И я говорил спящей Марье:
— Россия? — но ведь весь мир жил тысячелетья покойно, без железных дорог, машин, заводов, и был счастлив не меньше, чем теперь… Россия, мужичья, хлебопашеская, канонная, тихая, в жаворонках и песнях, и поверьях, — ведь она жила так тысячелетье. Мужик пахал землю, не спешил, был перед богом и солнцем, — был под солнцем, шел по зеленой мураве с сохой, пел прекрасные свои песни, и в Москву ездили раз в году и неделями, и сказы слушали неделями, и любили прекрасно, и тогда было счастье, тогда была духовная жизнь, — и ветры, и землю и небо, и непогодь — знали, — и прибавилось ли счастья, что вот изобрели самовар, которого мужики и до сих пор не все имеют, и паровоз, от которого не зря шарахаются лошади, ибо он их убьет, а люди к которому подходят, как к чумовому, крестясь, и кабаре, где позорится прекраснейшее человеческое — любовь?.. Вот, пришел этот наш завод, и забываются старые песни, шинков стало сотни, дети у рабочих не родятся, они вымирают, в первом поколении у каждого рабочего по три любовницы, и каждая работница — проститутка, и вечером все перекрестки гудят похабными частушками…

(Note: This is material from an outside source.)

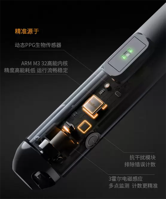 在搭载芯片方面,同方健康采用内置ARM M3 32位高性能内核的定制芯片,具备程序运行效率高、可连接丰富外设、稳定性强等诸多优势;3个霍尔电磁感应,多点检测,也使得测量精度大幅提升、动作捕捉更为精准;在心率模块,定制芯片具备较强抗干扰性,能够有效保障心率监测结果的准确程度。

Марья проснулась задолго до гудка, поставила самовар, попила чаю и ушла. Я сказал ей, прощаясь:
— Знаешь, Марья, ты самый дорогоймне человек. Не забывай меня!
Она почему-то обиделась, ответила:
— Все шутки шутите, и ночью бормотали насмех, что на заводе людей убивают!., и еще, будто я просекушка, с мастером. Я все поняла. А на завод я, все равно, поступлю, в уборщицы… охота тоже — лошадей гонять!..
Я стал ей растолковывать, что она ничего не поняла, что мне жаль ее, что она прекрасный мой образ; пусть останется она табунщицей; она и тут ничего не поняла, но подобрела, ухмыльнулась, сказала:
— Ну, ладно-к, приду уж… схожу к монаху в монастырь, за травами, и приду.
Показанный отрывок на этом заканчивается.